» **Work request**
Gather every line below where "that" appears.
---------- Dataset records
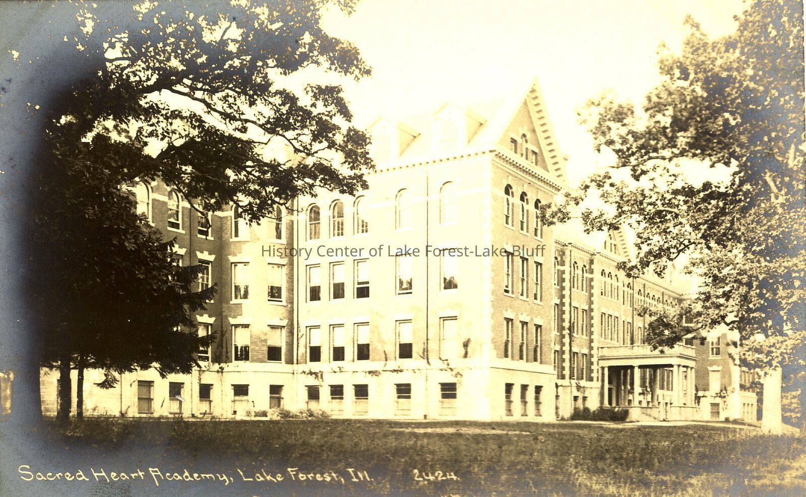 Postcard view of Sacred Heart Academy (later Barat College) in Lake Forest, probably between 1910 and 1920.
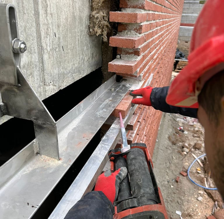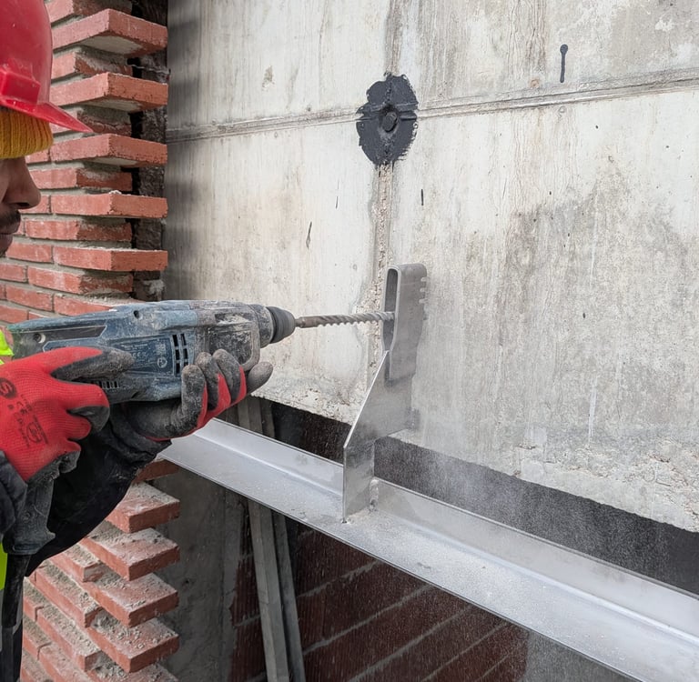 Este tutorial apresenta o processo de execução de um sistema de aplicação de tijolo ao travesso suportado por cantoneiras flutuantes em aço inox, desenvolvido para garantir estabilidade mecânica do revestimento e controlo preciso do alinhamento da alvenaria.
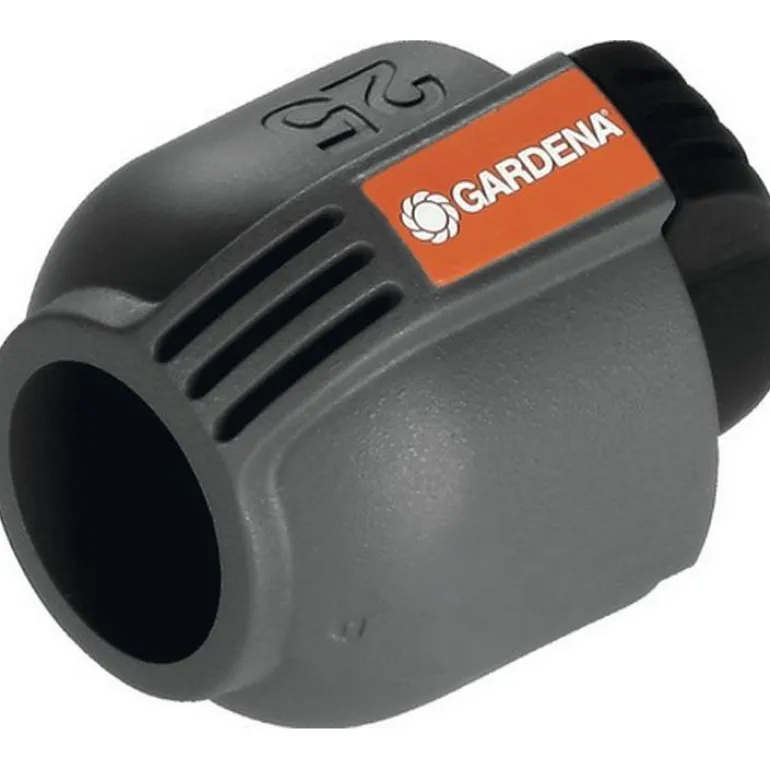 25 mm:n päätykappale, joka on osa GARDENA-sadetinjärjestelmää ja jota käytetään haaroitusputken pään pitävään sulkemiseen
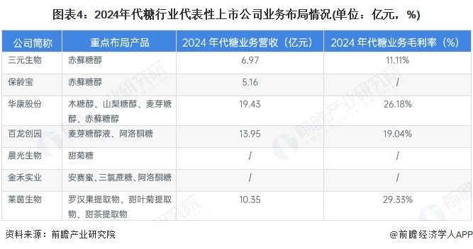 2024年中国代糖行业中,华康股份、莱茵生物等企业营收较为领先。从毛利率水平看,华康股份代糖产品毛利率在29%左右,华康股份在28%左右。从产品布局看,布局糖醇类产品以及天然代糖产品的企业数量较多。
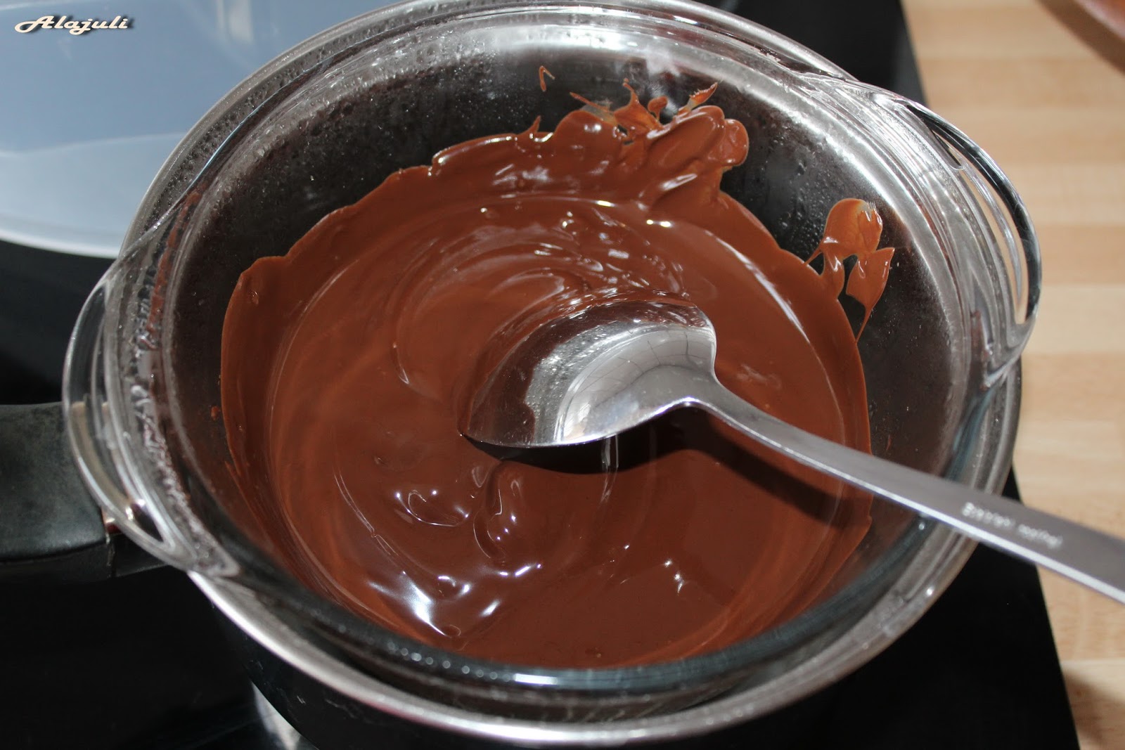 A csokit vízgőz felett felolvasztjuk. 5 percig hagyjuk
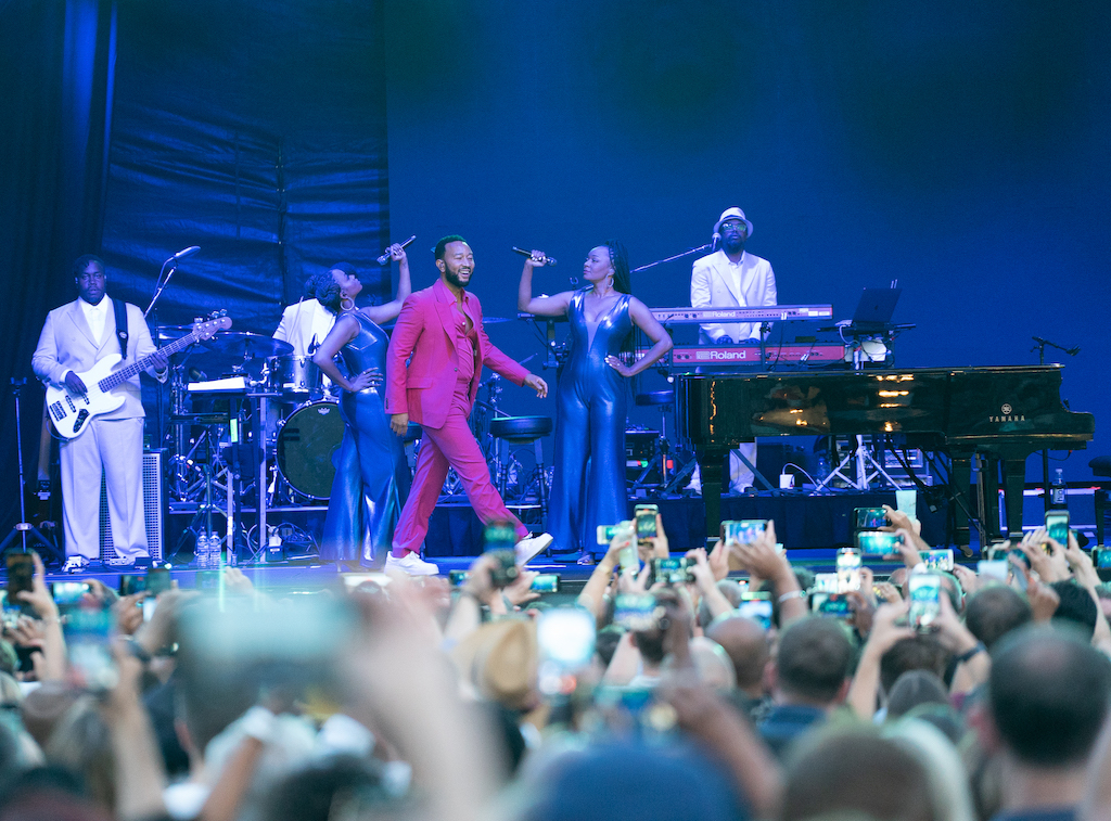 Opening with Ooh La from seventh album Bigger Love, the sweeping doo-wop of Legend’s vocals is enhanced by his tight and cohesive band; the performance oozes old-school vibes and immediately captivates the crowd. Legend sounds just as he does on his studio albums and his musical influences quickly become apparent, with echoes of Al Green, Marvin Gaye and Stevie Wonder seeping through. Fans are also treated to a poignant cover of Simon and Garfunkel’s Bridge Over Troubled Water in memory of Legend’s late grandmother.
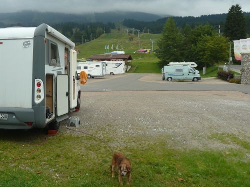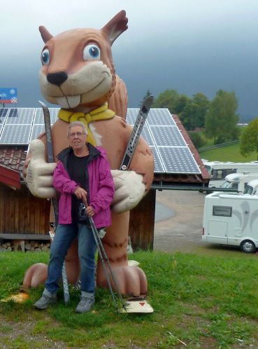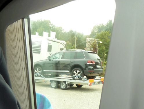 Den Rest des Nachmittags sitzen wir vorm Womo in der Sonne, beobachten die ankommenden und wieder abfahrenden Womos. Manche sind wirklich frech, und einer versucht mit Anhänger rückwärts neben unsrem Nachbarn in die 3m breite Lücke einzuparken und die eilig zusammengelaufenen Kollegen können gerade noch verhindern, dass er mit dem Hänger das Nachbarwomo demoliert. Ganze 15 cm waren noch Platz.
--------------------
---------- Dataset records
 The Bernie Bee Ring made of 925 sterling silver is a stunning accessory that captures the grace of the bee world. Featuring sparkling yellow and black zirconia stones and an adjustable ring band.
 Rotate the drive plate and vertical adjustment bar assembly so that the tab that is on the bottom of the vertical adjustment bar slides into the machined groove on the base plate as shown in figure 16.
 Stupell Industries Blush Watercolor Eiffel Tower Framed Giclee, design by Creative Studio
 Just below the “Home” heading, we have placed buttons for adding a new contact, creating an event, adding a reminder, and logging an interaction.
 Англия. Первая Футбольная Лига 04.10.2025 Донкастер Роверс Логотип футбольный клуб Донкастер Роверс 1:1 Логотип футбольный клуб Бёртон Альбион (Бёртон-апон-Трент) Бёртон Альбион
--------------------
---------- Dataset records
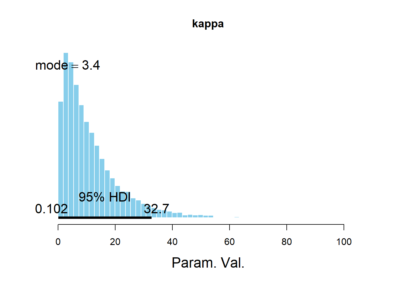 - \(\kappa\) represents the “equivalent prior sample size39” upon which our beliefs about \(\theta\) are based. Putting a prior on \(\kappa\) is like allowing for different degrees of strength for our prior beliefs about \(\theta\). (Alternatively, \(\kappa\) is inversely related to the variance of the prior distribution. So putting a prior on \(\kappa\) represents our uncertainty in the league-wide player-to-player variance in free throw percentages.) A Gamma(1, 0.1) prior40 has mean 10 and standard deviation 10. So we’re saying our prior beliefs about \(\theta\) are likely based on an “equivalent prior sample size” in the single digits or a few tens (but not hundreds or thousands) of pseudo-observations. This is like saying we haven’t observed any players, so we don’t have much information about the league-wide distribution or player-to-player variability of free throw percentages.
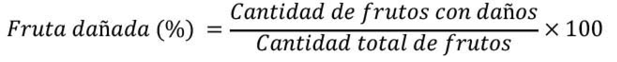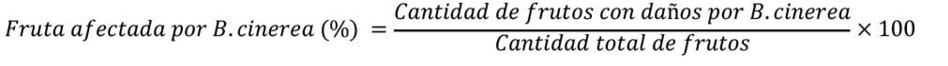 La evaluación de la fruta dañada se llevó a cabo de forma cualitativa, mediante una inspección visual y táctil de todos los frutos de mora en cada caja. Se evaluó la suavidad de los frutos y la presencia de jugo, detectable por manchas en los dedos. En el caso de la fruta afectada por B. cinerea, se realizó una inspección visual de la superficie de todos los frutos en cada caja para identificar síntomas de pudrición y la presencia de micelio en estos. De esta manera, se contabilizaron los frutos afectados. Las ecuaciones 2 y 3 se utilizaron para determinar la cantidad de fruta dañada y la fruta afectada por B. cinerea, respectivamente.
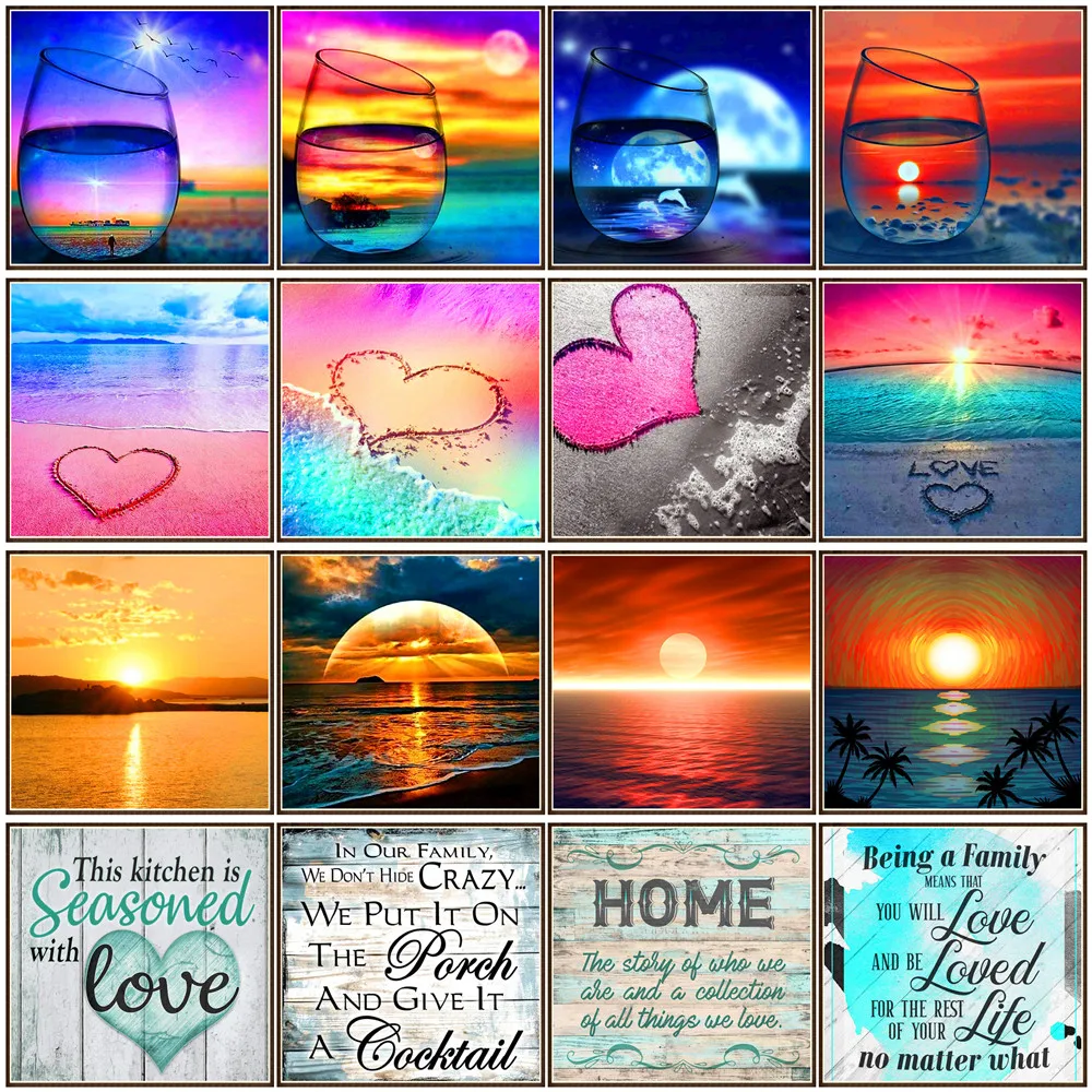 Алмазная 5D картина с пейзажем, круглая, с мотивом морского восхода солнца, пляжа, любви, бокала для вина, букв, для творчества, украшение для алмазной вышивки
--------------------
» **Result of this exercise**
 The Bernie Bee Ring made of 925 sterling silver is a stunning accessory that captures the grace of the bee world. Featuring sparkling yellow and black zirconia stones and an adjustable ring band.
 Rotate the drive plate and vertical adjustment bar assembly so that the tab that is on the bottom of the vertical adjustment bar slides into the machined groove on the base plate as shown in figure 16.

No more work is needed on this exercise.